Alright with the way below it is extracting only referring url like this
the extraction code :
foreach (HtmlNode link in hdDoc.DocumentNode.SelectNod
I can do it with checking the url whether containing http and if not add the domain value
That's what you should do.

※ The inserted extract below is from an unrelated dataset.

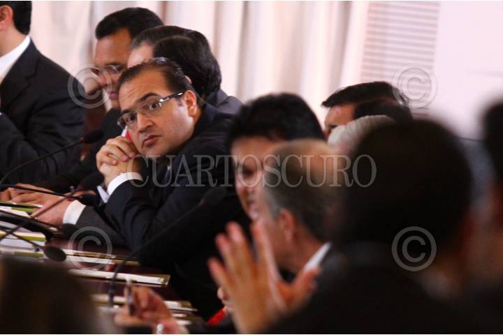 CIUDAD DE MÉXICO, 26JULIO2016.- Aurelio Nuño, secretario de Educación Pública, Gabino Cué Montiagudo, gobernador del estado de Oaxaca y presidente de la Comisión Nacional de Gobernadores y Graco Ramírez, gobernador del estado de Morelos y presidente de la Comisión de Educación de la CONAGO, presidieron la "Mesa de trabajo SEP-Conago" para la implementación del Plan Educativo propuesto por la SEP. En la image, Javier Duarte, gobernador del estado dde Veracruz. FOTO: ADOLFO VLADIMIR / CUARTOSCURO.COM

Html Agility Pack has nothing to help you with this:
var url = new Uri(
new Uri(baseUrl).GetLeftPart(UriPartial.Path),
link.Attributes["href"].Value)
);
Assuming you have the original url, you can combine the parsed url something like this:
// The address of the page you crawled
var baseUrl = new Uri("http://example.com/path/to-page/here.aspx");
// root relative
var url = new Uri(baseUrl, "/Login.aspx");
Console.WriteLine (url.AbsoluteUri); // prints 'http://example.com/Logon.aspx'
// relative
url = new Uri(baseUrl, "../foo.aspx?q=1");
Console.WriteLine (url.AbsoluteUri); // prints 'http://example.com/path/foo.aspx?q=1'
// absolute
url = new Uri(baseUrl, "http://stackoverflow.com/questions/7760286/");
Console.WriteLine (url.AbsoluteUri); // prints 'http://stackoverflow.com/questions/7760286/'
// other...
url = new Uri(baseUrl, "javascript:void(0)");
Console.WriteLine (url.AbsoluteUri); // prints 'javascript:void(0)'
Note the use of AbsoluteUri
and not relying on ToString()
because ToString
decodes the URL (to make it more "human-readable"), which is not typically what you want.